Exercise: An exact copy of the entries is required, with every image omitted.

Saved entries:
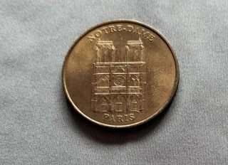 Moneda conmemorativa de Notre Dame en París. Un recuerdo especial de la icónica catedral. Antes del incendio. - Diseño detallado de la fachada. - Inscripción Notre-Dame Paris.
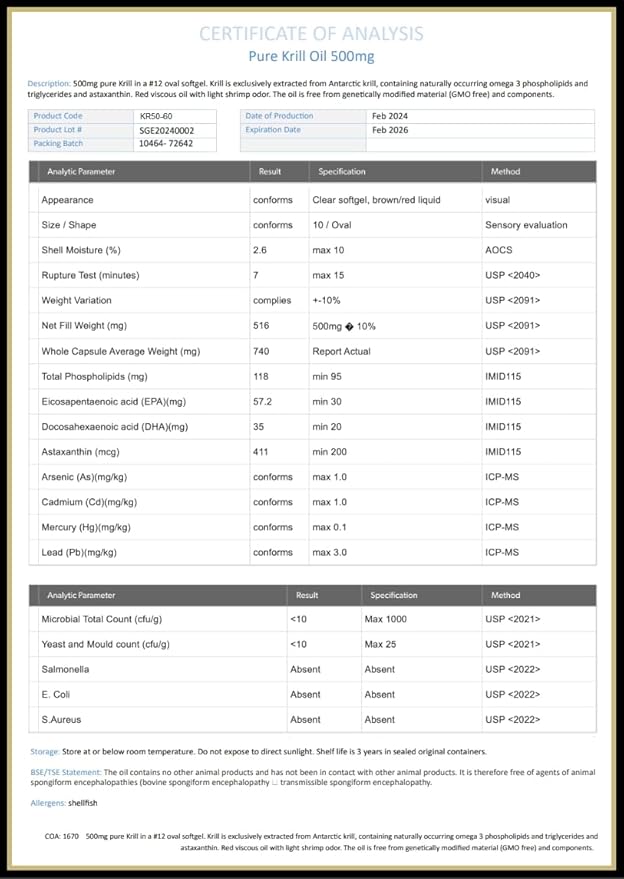 - Heavy Metal Tested – Every lot is tested to ensure that our Krill Oil exceeds United States safety standards for heavy metals and other contaminants.
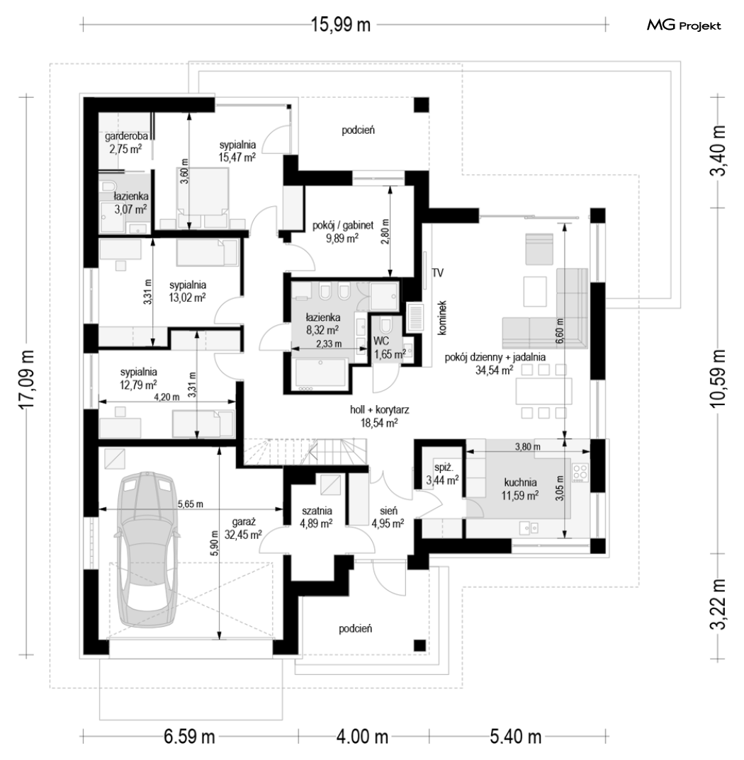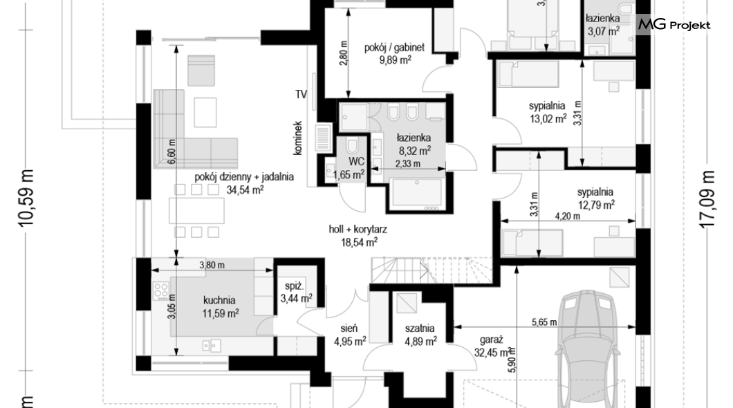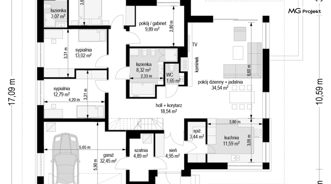 Łączna powierzchnia tzw. pomieszczeń użytkowych. Przede wszystkim nie zalicza się do niej powierzchni garażu, nieużytkowego strychu, piwnicy, kotłowni.
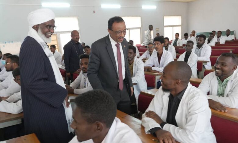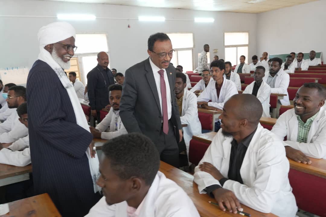 البروفيسور الفاتح الحبر عمر أحمد مدير الجامعة والبروفيسور طارق حسن بن عوف نائب مدير الجامعة وعدد من القيادات الإدارية وعمداء الكليات . وتفقد الوزير سير العملية التعليمية وامتحانات الدفعة 32 كلية الطب والعلوم الصحية وعدد من المنشآت الجديدة المتمثلة في مشرحة كلية الطب ومعمل الحاسوب وكما تفقد أمانة الشوون العلمية. وعدد من القاعات الدراسية. وتلقي سعادته عدد من التقارير الادارية والأكاديمية وتقرير عن أداء عمادة شؤون الطلاب.
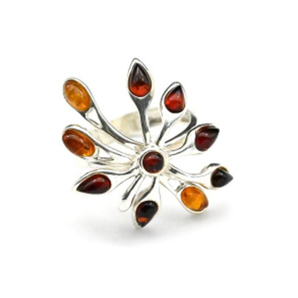 Кольцо с янтарем C925 "салют" 24*27мм коньячный, медовый , 4,87гр (иск.)
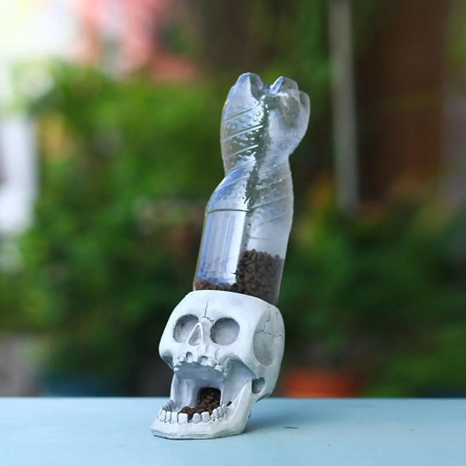Яркий диспенсер для животных в форме головы черепа, играет волшебную роль во дворе/саду как ужасное украшение на Хэллоуин, полное веселья.
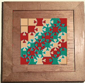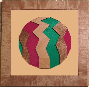 Rombix consists of the 16 tiles formed with four sizes of rhombs, as singles and concave pairs. (See its basic format in the "Essential Polyforms" section.) The 16-sided "circle" hovers like a globe in its expanse of border. This mixed-media version of Alan Schoen's patented concept alternates bands of dark and blond wood and tinted transparent acrylics, in four variations. The felt-backed handcrafted tray has a beautiful maple frame, 12½" square, and a clear cover plate makes it ready to stand on its easel or hang on a wall. Easel included. This set makes a fine gift for executives and math buffs, and is an extraordinary pleasure to play with. |

Exercise output:
 Moneda conmemorativa de Notre Dame en París. Un recuerdo especial de la icónica catedral. Antes del incendio. - Diseño detallado de la fachada. - Inscripción Notre-Dame Paris.
 - Heavy Metal Tested – Every lot is tested to ensure that our Krill Oil exceeds United States safety standards for heavy metals and other contaminants.
 Łączna powierzchnia tzw. pomieszczeń użytkowych. Przede wszystkim nie zalicza się do niej powierzchni garażu, nieużytkowego strychu, piwnicy, kotłowni.
 البروفيسور الفاتح الحبر عمر أحمد مدير الجامعة والبروفيسور طارق حسن بن عوف نائب مدير الجامعة وعدد من القيادات الإدارية وعمداء الكليات . وتفقد الوزير سير العملية التعليمية وامتحانات الدفعة 32 كلية الطب والعلوم الصحية وعدد من المنشآت الجديدة المتمثلة في مشرحة كلية الطب ومعمل الحاسوب وكما تفقد أمانة الشوون العلمية. وعدد من القاعات الدراسية. وتلقي سعادته عدد من التقارير الادارية والأكاديمية وتقرير عن أداء عمادة شؤون الطلاب.
 Кольцо с янтарем C925 "салют" 24*27мм коньячный, медовый , 4,87гр (иск.)
Яркий диспенсер для животных в форме головы черепа, играет волшебную роль во дворе/саду как ужасное украшение на Хэллоуин, полное веселья.
 Rombix consists of the 16 tiles formed with four sizes of rhombs, as singles and concave pairs. (See its basic format in the "Essential Polyforms" section.) The 16-sided "circle" hovers like a globe in its expanse of border. This mixed-media version of Alan Schoen's patented concept alternates bands of dark and blond wood and tinted transparent acrylics, in four variations. The felt-backed handcrafted tray has a beautiful maple frame, 12½" square, and a clear cover plate makes it ready to stand on its easel or hang on a wall. Easel included. This set makes a fine gift for executives and math buffs, and is an extraordinary pleasure to play with. |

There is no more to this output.